Insane Clock Speeds: The consoles have provided wind-up for this, because Microsoft’s 52 CU solution with RDNA 2 runs at around 1.8 GHz steady state, while the PS5’s 36 CU solution runs up to a blistering 2.23 GHz! A lot of folks speculated that this wouldn’t neatly translate to the desktop because these are custom solutions with far fewer CUs, but at the same time, a desktop graphics card can burn nearly the power that either console does as a full system! Naturally, then, as that speculation has grown, reports from add-in board partners have started to paint a picture of insane clockspeeds, with one partner supposedly being able to clock the 72 CU card to 2.57 GHz! For comparison, the Ampere GPUs under ideal boost conditions can barely scrape against the 2 GHz wall, with only a few partner models able to clock past that. Clockspeed itself is not as relevant as it was in the golden years of my youth, since what each chip can accomplish in a single cycle varies wildly, but it is worth pointing out that if AMD’s card can match or beat the 3080/3090 at around PS5 clockspeeds, then partner cards with better thermal solutions reaching 2.5 GHz+ should be capable of even more (depending on how well the design scales with frequency, the answer from the PS5 being “very well.”).

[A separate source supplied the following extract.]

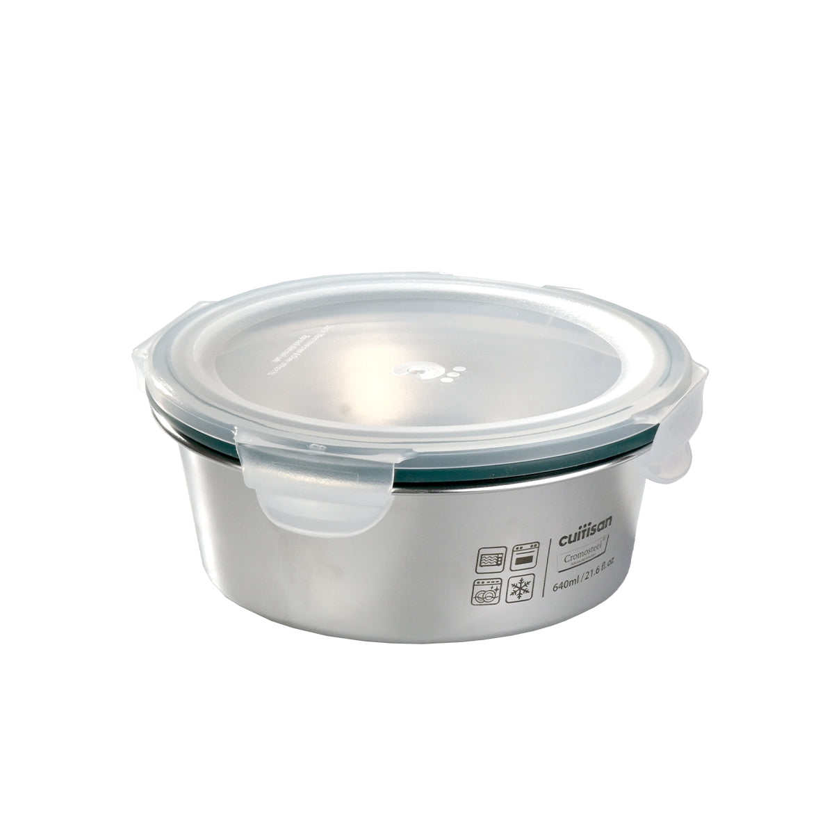 Recipiente hermético redondo de 0.6L Cuitisan Simple fabricado en Cromosteel, un acero inoxidable 18/12 con aleación de cromo y cobre, especialmente resistente a la oxidación y las bacterias, apto para microondas.

So overall? The rumors seem pretty valid from what I can tell, just looking at where AMD would need to land to be competitive and the kinds of things they could do to set themselves apart. What I need to see tomorrow for my potential purchasing decision is some other stuff not in rumors – a more robust software ecosystem to match Nvidia, developer support on PC, but most importantly – I want AMD to openly and honestly tackle drivers and discuss the ways in which they’ve made strides there.
Given the dire availability situation on the Nvidia Ampere cards, and the expectation that they’ll continue like that into 2021, if AMD launches a competitive product with good pricing and availability that won’t have drivers hardlocking and blackscreening a system every so often, well, that is going to be a strong hand to play.